Third, I think that we have chosen to embrace policies that put the hardest work of improving outcomes mostly on the adults working in schools, rather than on the students and families that are the greater proportion of school communities. On one hand, this makes sense. Higher standards and more accountability for teachers and school leaders is an important part of the solution. On the other hand, it’s the easy way out to make teachers the ones who disproportionately feel the brunt of education policy changes. Asking ordinary families to make substantial changes is a much tougher sell.
The Obama administration’s Race to the Top competition stood a good chance of upending the educational status quo. Teacher tenure, evaluation, and school standards, once seemingly set in stone, have been challenged in surprising ways over the past five years.
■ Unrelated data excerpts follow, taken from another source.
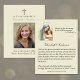 Elegant och enkelt religiösa- och begravningskort med foto och guld crucifix på framsidan och en bild av Mary som håller Baby Jesus med ett vackert bön- och manuscitat på baksidan. Alla texter och typsnitt kan ändras.
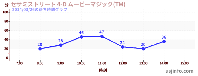 • セサミストリート 4-D ムービーマジック(TM)$B$N(B2014年03月26日の待ち時間
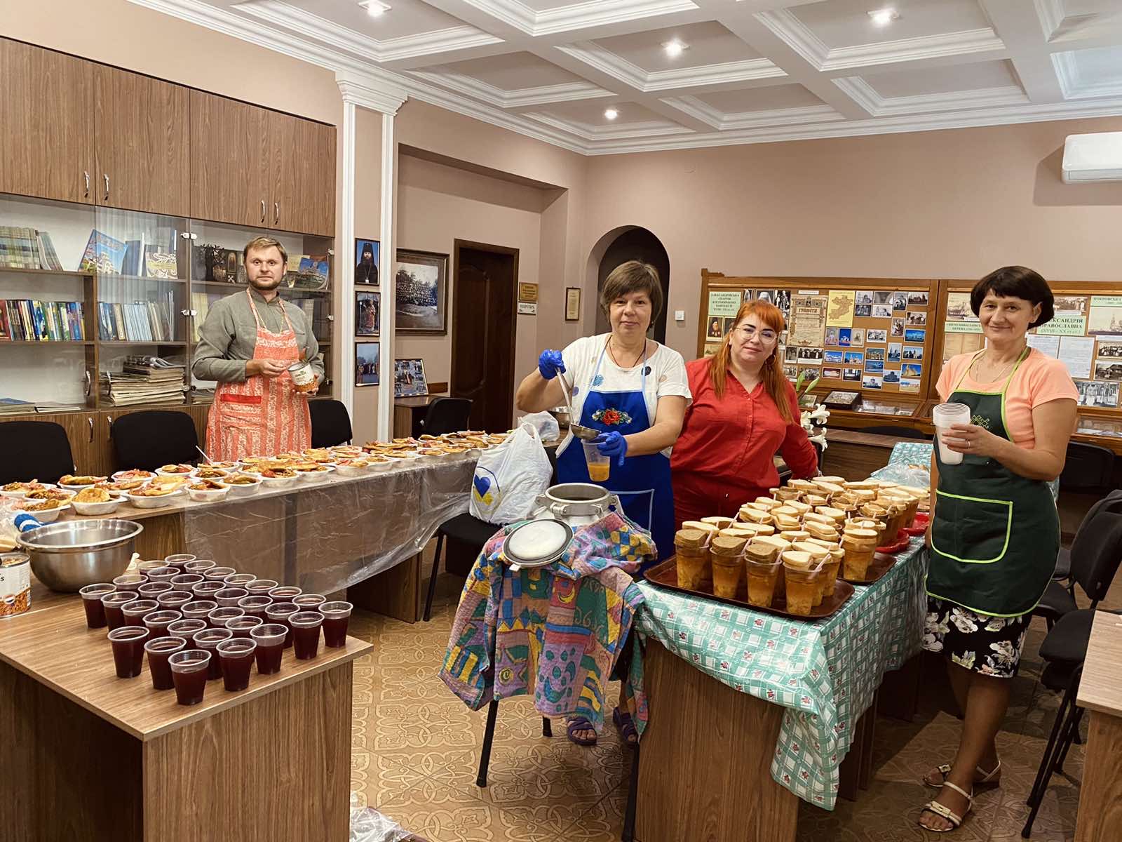 З благословіння Високопреосвященнійшого Боголєпа, митрополита Олександрійського і Світловодського щонеділі , по черзі, православні приходи Олександрійського благочинного округу готують та роздають при єпархіальному духовно-просвітницькому центрі благодійні обіди нужденним.
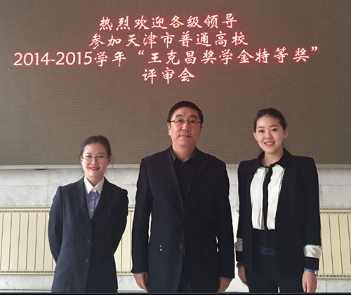 本次竞评会共有来自全市各普通高校推荐的17名优秀博士、硕士及本科生参与评选,最终评选出天津市普通高校2014-2015学年度“王克昌奖学金特等奖”十名。经过激烈的角逐,我校机械工程学院工业设计2012级本科生谷涵(右一)以优异成绩获得“王克昌奖学金特等奖”。这也是我校连续多年蝉联此项殊荣。
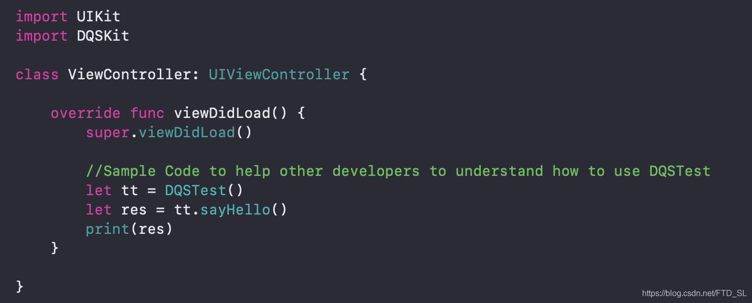 To ensure it’s easy for other developers to understand how to use DQSKit, add some sample code to the example project. Open DQSKit/Example/DQSKit/ViewController.swift and make it look like this:

But the federal government did this by essentially picking the policies that they felt would benefit America’s schools the most, then rewarded districts based on their promises to implement the pre-approved reforms. In education policy, the federal government clearly wanted to set the tone and establish which reforms would dominate the conversation.
With summer vacation left out of the mix of RTT reforms, even pundits and bloggers have been largely silent on the topic in recent years. Changing the school calendar is one of many potential reforms that could have big positive impacts for our students. However, our conversation about solutions has been limited, not expanded by the way RTT attaches dollars to specific changes.
When I ask my students to solve problems in class, I want them to be relentless, resourceful, creative, and rational. I welcome their attempts to bring all reasonable solutions to the table when they’re attacking problems. I think by starting a conversation around summer vacation, our national dialogue can model these traits for our children.